In the face of the increasing volume of data, data synchronization between different databases, or synchronous import and export of data between different systems. The choice of more and more ways, blindly emphasize what is not the data synchronization, does not mean that the efficiency must be how high, depending on the scene to decide.
Scene One: DB2 export synchronized data to Greenplumn database
DB2 Ordinary database Db2export export speed of about dozens of M, DB2 DPF partition database, multithreading according to the partition can be reached about 200M, DB2 HPU tool speed is fast.
Greenplumn database import speed, copy way can reach 280m/s,gpfdist service can reach 350m/s or so, gpfdist can start multiple services, multiple network card parallel processing speed is faster.
This can lead to a performance bottleneck if you export to the GP database in a DB2 way. DB2 export is only dozens of m, a large amount of data table for example, hundreds of G,DB2 export spending time 2 hours, the actual GP as long as 10 minutes, do not fall way leading to the GP database connection has been occupied, not worth the candle.

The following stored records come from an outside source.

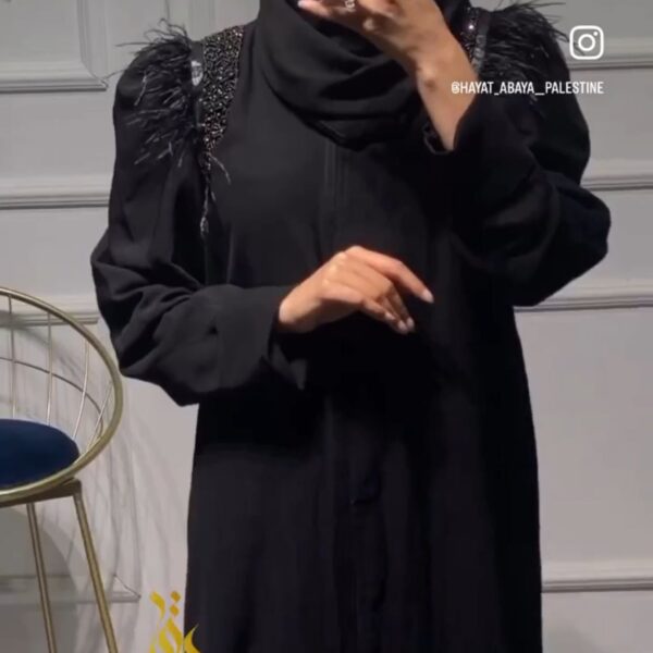 عباه قماش كريب لميا حركة اكتاف خرز مع ريش
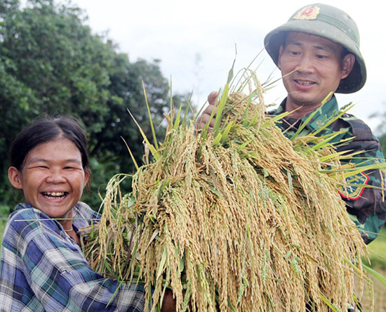 * Bộ đội Biên phòng giúp dân bản Rào Tre thu hoạch lúa.Ảnh: NGÂN GIANG
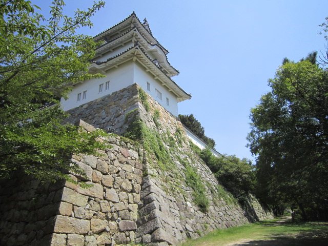 明石駅のホームからも見える塀でつながった二基の三重櫓が明石城の印象を強くしているように思えます。
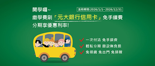 活動期間不分公、私立學校刷元大信用卡繳學費,繳完學費後於下方「指定通路」申請分期,享優惠利率2.88%起,最高可分到30期
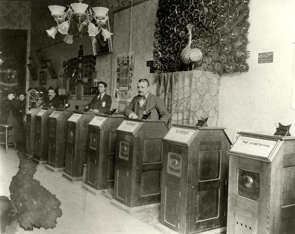 Top: Kinetoscope; bottom: San Francisco Kinetoscope parlor. Both from Wikipedia
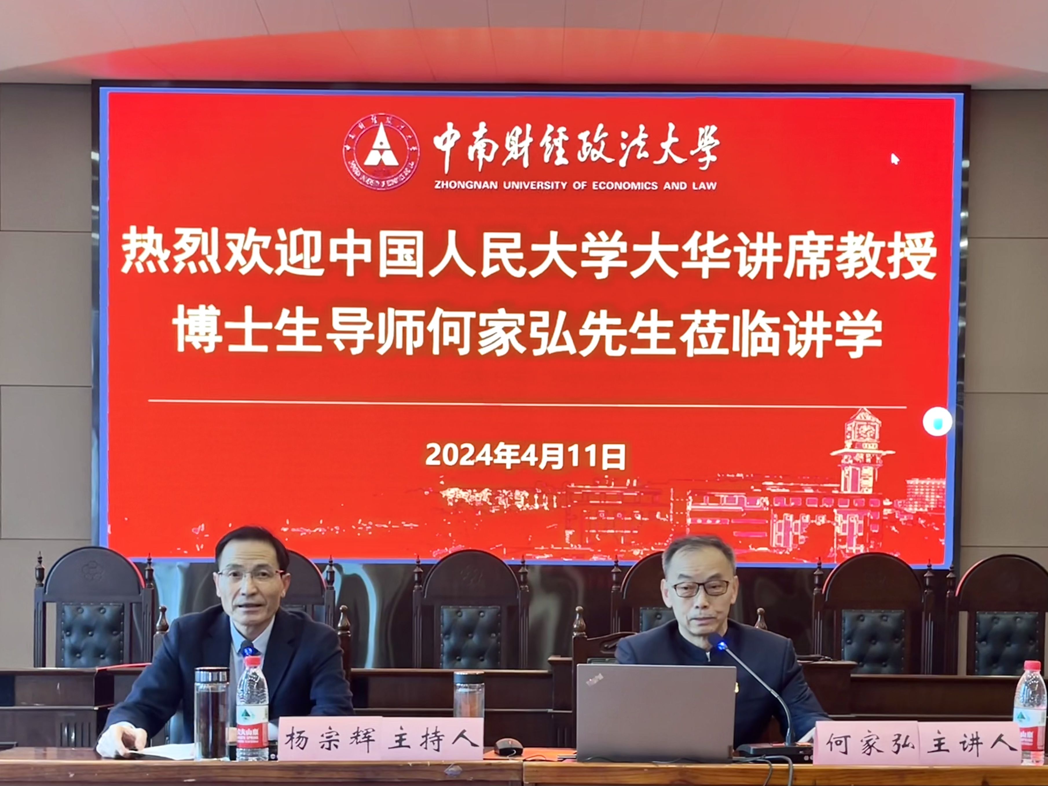 (学生通讯员 张思晗)2024年4月11日,何家弘教授应邀在中南财经政法大学文泰楼模拟法庭开展题为“刑事司法第一课”的学术讲座,刑事司法学院博士生导师杨宗辉教授担任讲座主持人。在讲座开始前,杨宗辉教授介绍了何家弘教授的基本情况。何家弘教授是中国人民大学大华讲席教授、法学院证据学研究所所长、反腐败与法治研究中心主任;兼任最高人民检察院的专家咨询委员、北京侦探推理文艺协会的会长、国际足联的道德委员会委员。他是中国第一个在美国获得法学博士学位的大陆学者,中国第一个犯罪侦查学方向的博士生导师,中国第一个享誉海外的侦探小说作家。
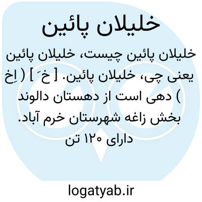 خلیلان پائین. [ خ َ ] ( اِخ ) دهی است از دهستان دالوند بخش زاغه شهرستان خرم آباد. دارای 120 تن سکنه. آب آن ازرودخانه و محصول آن غلات و لبنیات. شغل اهالی زراعت و از صنایع دستی زنان فرش و طناب و جاجیم بافی است. راه مالرو می باشد. ( از فرهنگ جغرافیایی ایران ج 6 ).
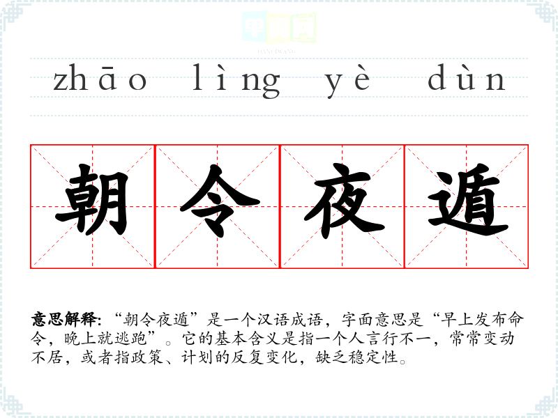 “朝令夜遁”是一个汉语成语,字面意思是“早上发布命令,晚上就逃跑”。它的基本含义是指一个人言行不一,常常变动不居,或者指政策、计划的反复变化,缺乏稳定性。
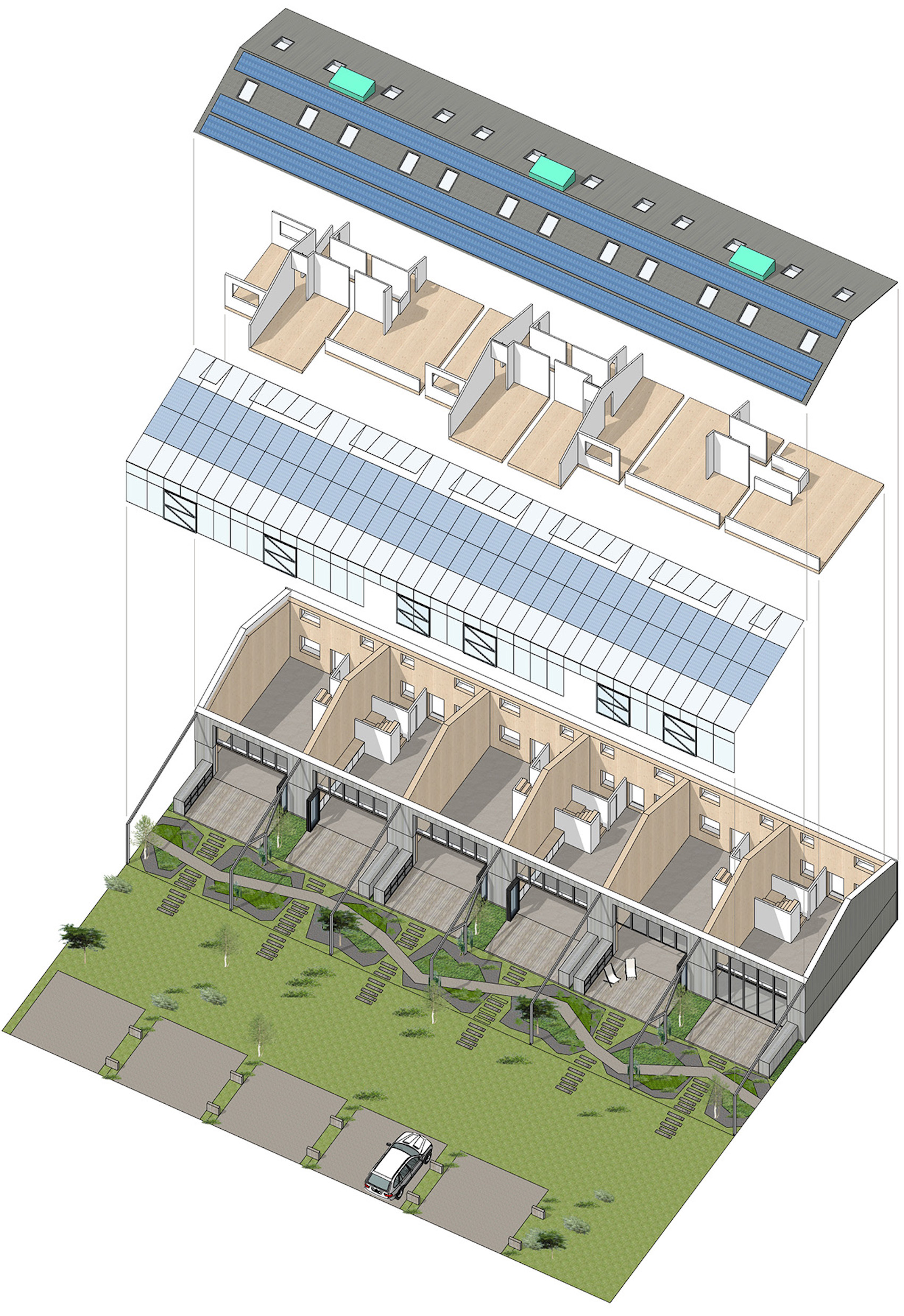 Environmental performance is embedded throughout the scheme. Each unit comprises a high-performance, airtight timber envelope, recycled wood-fibre insultation, triple glazing, mechanical ventilation with heat recovery (MVHR) and an air-source heat pump. The swimming pond is chemical-free and sustained by rainwater harvested from the roofs, filtered through aquatic plants. Across the wider site, wildflower meadows support seasonal biodiversity. The project’s development was guided by ecological input to protect native species, including great crested newts.

In the event of DB2 exporting the intermediate process, locating errors is extremely inconvenient, and the process will take longer to restart.
Scenario Two: Oracle database export sync to greenplumn database
Just like the above, Oracle databases are slower. I've tested one. Exporting from the Greenplumn database to an Oracle database, a dozens of G file would take nearly a day to export from GP to Oracle database.
Conversely, exporting from an Oracle database to GP is mostly spent on Oracle exports.
So the project used in the way to practical maintenance-oriented, memory, CPU all kinds of physical environment needs to be considered synthetically.